Ces documents indiquent en outre que la Force Al-Qods du Corps des Gardiens de la révolution islamique (CGRI) forme des paramilitaires à l'utilisation de bombes perforantes plus puissantes, placées en bord de route, conçues spécifiquement pour cibler des véhicules militaires américains, et qui se sont avérées hautement meurtrières en Irak après 2003. Lors d’essais de ces armes par le Hezbollah et la Force Al-Qods, menés près de Damas au début de l’année 2023, ces armes ont transpercé un blindage de char d'une épaisseur de 7,5 cm à un peu moins de 25 mètres de distance. L'expert spécialisé dans les affaires militaires et de sécurité Michael Knights met en garde contre un «changement radical dans l'acceptation du risque par les militants de tuer des Américains en Syrie».

Une frappe de drone de la part des militants en mars, qui a fait des victimes américaines et déclenché une succession de frappes de représailles, n'était que l'une des dizaines d'attaques de drones et de roquettes contre des cibles et des alliés américains dans l'est de la Syrie. Les militants cherchent à riposter contre les frappes aériennes israéliennes à l'ouest en attaquant les militaires américains à l'est.

Dans un contexte de montée des tensions géopolitiques autour du conflit ukrainien, la Russie a activement cherché à mettre en déroute les forces américaines en Syrie en violant les accords de désescalade, en survolant les bases américaines, et en prenant à partie les avions américains, alors même que Moscou a puisé dans ses capacités syriennes pour les utiliser sur la scène ukrainienne. Bien que Téhéran – en tant que principal fournisseur d'armes de la Russie – se soit rapproché de l'orbite de Moscou, les documents du renseignement américain divulgués montrent que les ayatollahs expriment leur frustration face à un Kremlin autoritaire les excluant des négociations menées par la Russie avec la Turquie, tout en permettant à Israël de continuer à frapper des cibles alignées sur l'Iran.

Les militants de Hachd al-Chaabi en Irak ont passé ces dernières années à consolider leur contrôle sur la région frontalière syro-irakienne, notamment au moyen de fortifications perfectionnées axées sur Abu Kamal, comprenant des kilomètres de tunnels souterrains profonds destinés à stocker des missiles. Ils aspirent à contrôler le transit est-ouest des munitions, de la drogue et de la contrebande, à travers la Syrie vers la Méditerranée. Bien que ces forces soient en principe du côté de Bachar al-Assad, elles sont naturellement réticentes à voir Damas revenir en force et entraver leur progression.

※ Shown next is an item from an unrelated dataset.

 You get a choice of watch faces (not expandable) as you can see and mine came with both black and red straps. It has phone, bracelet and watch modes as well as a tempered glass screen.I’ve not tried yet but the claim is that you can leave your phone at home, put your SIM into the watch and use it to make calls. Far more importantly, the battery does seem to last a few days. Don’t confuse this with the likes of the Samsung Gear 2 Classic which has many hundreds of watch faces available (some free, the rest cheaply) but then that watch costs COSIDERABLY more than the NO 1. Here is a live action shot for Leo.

Par ailleurs, alors que Daech poursuit ses attaques régulières contre les forces kurdes et d'autres cibles, il semble que le groupe terroriste s'emploie activement à masquer l'étendue réelle de ses capacités syriennes, de nombreux militants se cachant dans la vaste région désertique de Badia.

Le meurtre de quelque 250 cueilleurs de truffes au cours d’une série d'incidents dans le désert syrien durant le printemps dernier a été largement imputé à Daech. Mais les experts estiment qu’une grande partie de ces meurtres était probablement due à des milices soutenues par l'Iran cherchant à étendre leur monopole sur cette vaste région. De violents affrontements ont même éclaté en 2022 entre des milices soutenues par la Russie et des milices soutenues par l'Iran, chacune cherchant à établir un contrôle exclusif sur les routes essentielles et les emplacements stratégiques.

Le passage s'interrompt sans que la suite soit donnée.